Killing Us Softly 4, the latest in pioneering media scholar Jean Kilbourne’s groundbreaking series, examines how the advertising industry glamorizes destructive ideals of femininity and, by extension, masculinity. Methodically dissecting how contemporary print and television ads create a misogynistic fantasy world of undernourished, oversexualized, and objectified women, Kilbourne sets these images within the real-world context of eating disorders, gender violence, and the ongoing political backlash against women’s equality. Since the original version first premiered more than 40 years ago, Killing Us Softly has become a staple in media literacy curricula around the world.

bell hooks

The late bell hooks was one of the most formidable and influential feminist cultural critics of our time. If you’re looking for an accessible introduction to her work, be sure to check out bell hooks: Cultural Criticism & Transformation. In the film, which we made with hooks in 1997 during one of the most prolific periods of her career, the celebrated educator and author explores how popular culture reproduces dominant ideas about race, gender, and capitalism, and makes a convincing case for media education as a form of self-defense against unjust systems of power, oppression, and class domination. As relevant today as ever.

The Bystander Moment

In The Bystander Moment: Transforming Rape Culture at its Roots, trailblazing violence-prevention educator Jackson Katz offers fascinating insights into how cultural norms, especially normative ideas about gender and manhood, help perpetuate sexual harassment, sexual assault, and other forms of gender violence.
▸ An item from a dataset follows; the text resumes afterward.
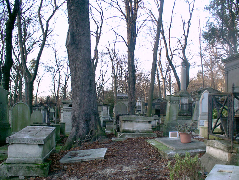 Graves litter (in a regular fashion) the groves of Pere Lachaise. There doesn't appear to be room left for any more dead Parisians. Click for a larger version.

Mobilizing powerful examples from news, sports, and entertainment media, Katz gives special attention to how male peer-culture dynamics across race and ethnicity help normalize sexism and misogyny while feeding a climate of men’s silence in the face of other men’s abuse.

Latinos Beyond Reel

Miguel Picker and Chyng Sun’s bestselling film Latinos Beyond Reel explores how dehumanizing media representations of Latin American people have shaped public attitudes and government policies over time. Centering the voices of Latino and Latina journalists, community leaders, actors, directors, scholars, and children, the film pays tribute to the diverse histories, cultures, and contributions of Latin Americans while also identifying and dissecting a longstanding pattern of retrograde, fear-inducing anti-Latin stereotypes in American political discourse, news media, and popular culture.